Groupwise Probability Distribution - python-3.x

I have a dataframe df of gps points. I had geographical region that I divided into grid. Each grid cell is represented by pair of two columns (row, col) in a dataframe. The GPS points are labelled with their transportation modes.
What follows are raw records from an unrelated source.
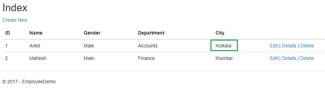 Here, we have changed the city of an employee named Ankit from Delhi to Kolkata. Click on "Save" to return to the EmployeeIndex page to see the updated changes as highlighted in the image below.
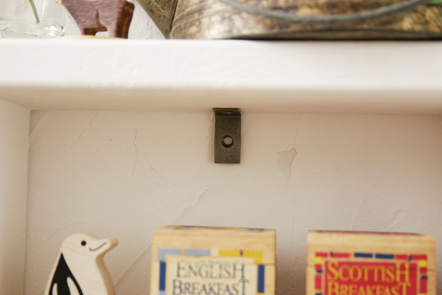 ④真ん中の棚板はダボで支えてるだけなので左右のラックを固定させます。
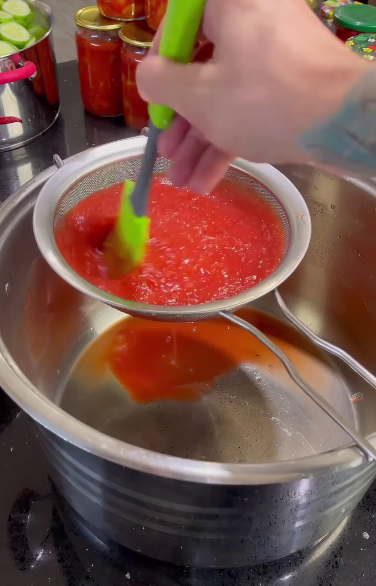 3) Занурювальним блендером пробиваємо томати до однорідного стану. Проціджуємо через сито. Якщо немає блендера, можна відразу процідити через сито. У нас має вийти томатний сік без шкірки та насіння.
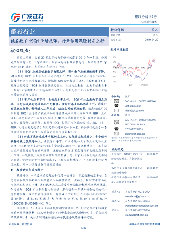 【广发证券】【20190429】低基数下19Q1业绩反弹,行业信用风险仍在上行-20页
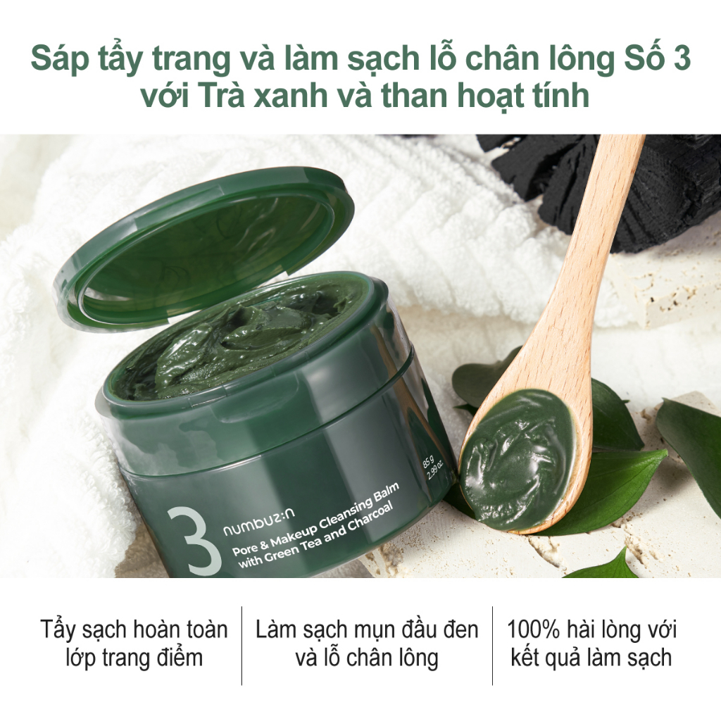 numbuzin No.3 Sáp tẩy trang làm sạch sâu lỗ chân lông với trà xanh & than hoạt tính – 85g
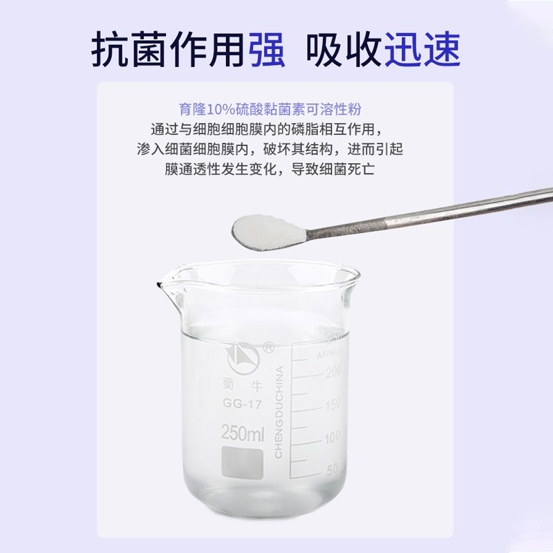 - 商品名称:【正格农牧】育隆10%硫酸黏菌素可溶性粉兽用鸡鸭鹅肠炎黄白痢猪牛羊拉稀粘杆菌素兽药

I want to calculate probability distribution of each grid cell by its transportation modes. (there are five modes of transportation, i.e. walk, bike, car, train, subway).
Row Col P(Walk) P(Bike) P(Car) P(Train) P(Subway)
8 8 Freq(walk)/n Freq(bike)/n Freq(car)/n Freq(train)/n Freq(subway)/n
8 9 Freq(walk)/n Freq(bike)/n Freq(car)/n Freq(train)/n Freq(subway)/n
8 10 Freq(walk)/n Freq(bike)/n Freq(car)/n Freq(train)/n Freq(subway)/n
For example grid cell at row 8, col 8 contains 638 gps points. 598 walk points and 40 subway points Then probability of each transportation mode for this specific grid cell becomes
Row Col P(Walk) P(Bike) P(Car) P(Train) P(Subway)
8 8 598/638 0/638 0/638 0/638 40/638
8 9 ... ... ... ... ...
8 10 ... ... ... ... ...
... ... ... ... ... ... ...
'''
grp = df.groupby(['row','col','Transportation_Mode'])
One way is to iterate over each group one by one using for loops to get the frequency of each transportation mode. But I think their should be more easier or pandorizable way or library that can solve this in just few lines.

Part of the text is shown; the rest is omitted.